Data
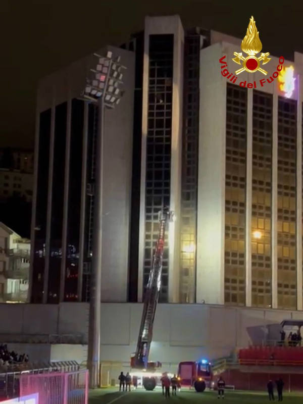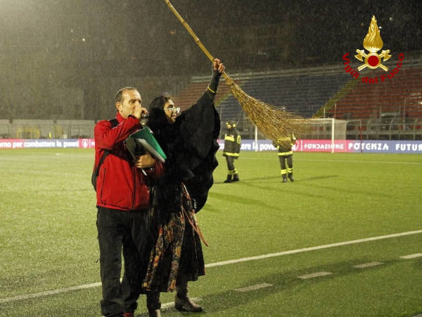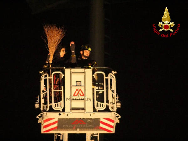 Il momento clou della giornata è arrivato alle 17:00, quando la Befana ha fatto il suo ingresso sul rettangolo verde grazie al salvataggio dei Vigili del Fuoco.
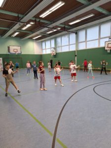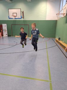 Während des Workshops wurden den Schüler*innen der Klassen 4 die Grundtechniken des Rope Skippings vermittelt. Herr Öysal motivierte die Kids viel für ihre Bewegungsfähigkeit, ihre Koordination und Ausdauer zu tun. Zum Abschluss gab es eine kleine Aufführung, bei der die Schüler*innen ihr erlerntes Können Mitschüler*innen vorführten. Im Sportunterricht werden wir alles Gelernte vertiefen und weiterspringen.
---
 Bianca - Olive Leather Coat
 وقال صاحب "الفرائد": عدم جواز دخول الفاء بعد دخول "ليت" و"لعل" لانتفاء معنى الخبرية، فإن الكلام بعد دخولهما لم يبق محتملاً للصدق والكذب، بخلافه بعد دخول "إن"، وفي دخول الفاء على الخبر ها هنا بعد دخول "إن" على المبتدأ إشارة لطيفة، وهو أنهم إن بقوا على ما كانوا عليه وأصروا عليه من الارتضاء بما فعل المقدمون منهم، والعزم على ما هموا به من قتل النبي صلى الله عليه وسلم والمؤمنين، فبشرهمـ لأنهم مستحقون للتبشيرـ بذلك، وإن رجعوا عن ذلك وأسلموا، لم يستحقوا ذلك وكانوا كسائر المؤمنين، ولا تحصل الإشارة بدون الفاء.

Exercise brief
When you reach the line containing "Il momento clou" in the entries above, begin restating word for word, and stop once the line containing "Während des Workshops" has been given. Omit the pictures.

Response to the task
 Il momento clou della giornata è arrivato alle 17:00, quando la Befana ha fatto il suo ingresso sul rettangolo verde grazie al salvataggio dei Vigili del Fuoco.
 Während des Workshops wurden den Schüler*innen der Klassen 4 die Grundtechniken des Rope Skippings vermittelt. Herr Öysal motivierte die Kids viel für ihre Bewegungsfähigkeit, ihre Koordination und Ausdauer zu tun. Zum Abschluss gab es eine kleine Aufführung, bei der die Schüler*innen ihr erlerntes Können Mitschüler*innen vorführten. Im Sportunterricht werden wir alles Gelernte vertiefen und weiterspringen.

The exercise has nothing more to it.